The primary challenge of TTA in multimodal data lies in reliability bias, which arises from the over-reliance of pre-trained models on specific modalities. For example, as shown in Figure 1(C), when the video modality is corrupted, the performance of both the multimodal and video-only models exhibits a similar downward trend. This occurs because the model disproportionately depends on video information while neglecting audio cues. To address this issue, we propose the Dynamic Selection Mechanism (DSM), which allows the model to dynamically identify and prioritize trustworthy modalities. DSM plays a vital role in selecting reliable samples for each modality-specific classifier, thereby ensuring a robust and effective model update process.

W2&Q1: How can the method address the challenge of continual domain shift

We answer these questions together as they are similar. We address the domain shift problem through our recursive solution in Theorem 1 and DSM module. While existing methods adapt models to current test domain (e.g., data corrupted by Gaussian noise) solely by training the model on these data, this results in overfitting to that specific domain. By contrast, our method absorbs useful knowledge from the current domain through DSM, while simultaneously preserves source and encountered domain knowledge during continual adaption via the recursive solution of ACs. Experiment results in Table 1-3 show that performance of our model does not drop during adapting to continual shifting domains compared to other methods. Here we give part of results from Table 1.

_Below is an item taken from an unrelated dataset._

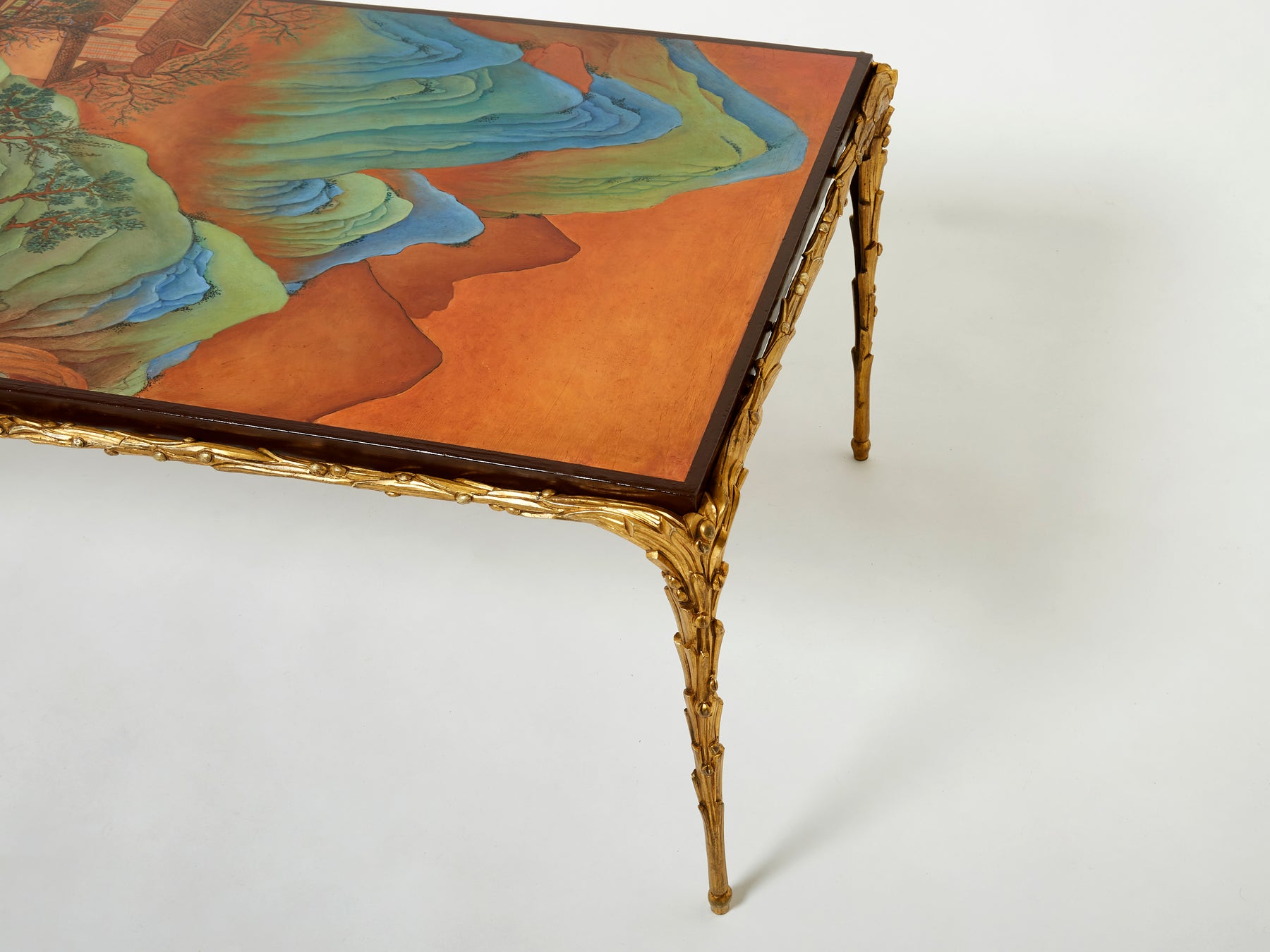 Superbe table basse en bronze façon bambou et plateaux en laque de Chine de la Maison Baguès datant du début des années 60. Le travail du bronze associé au décor d’un temple dans les montagnes est juste superbe. Faux bambou et laque de chine sont les attributs typiques du style néoclassique français des années 50 à 70, par la Maison Baguès et la Maison Jansen. La structure a été nettoyée, et le bronze présente une très belle patine. Le plateau en laque a été entièrement restauré. Une pièce intemporelle et très décorative, dans un parfait état.

Table 1: Comparison with SOTA methods on audio progressive single-modality corruption task in terms of classification Top-1 accuracy (%), using dataset VGGSound-C in severity level 5. The best results for each domain are highlighted in bold.

Method	Gauss.	Traff.	Crowd	Rain	Thund.	Wind	Avg.
Source	37.29	21.24	16.89	21.81	27.36	25.66	25.04
TENT	47.88	0.68	0.28	0.28	0.28	0.28	0.28
SAR	50.64	16.09	4.50	4.33	3.60	12.00	5.51
CoTTA	5.33	5.85	1.35	0.52	0.53	0.57	0.38
EATA	40.39	31.99	31.91	32.38	39.24	33.95	34.98
MMTTA	4.50	0.41	0.33	0.33	0.33	0.33	0.33
READ	18.53	7.99	7.44	5.71	8.19	4.73	8.77
MDAA	38.80	34.91	34.63	34.59	37.70	35.85	36.08

2024-11-18

W3: The adaptation method requires access to source domain data which does not comply with the existing definitions of test-time adaptation or test-time training.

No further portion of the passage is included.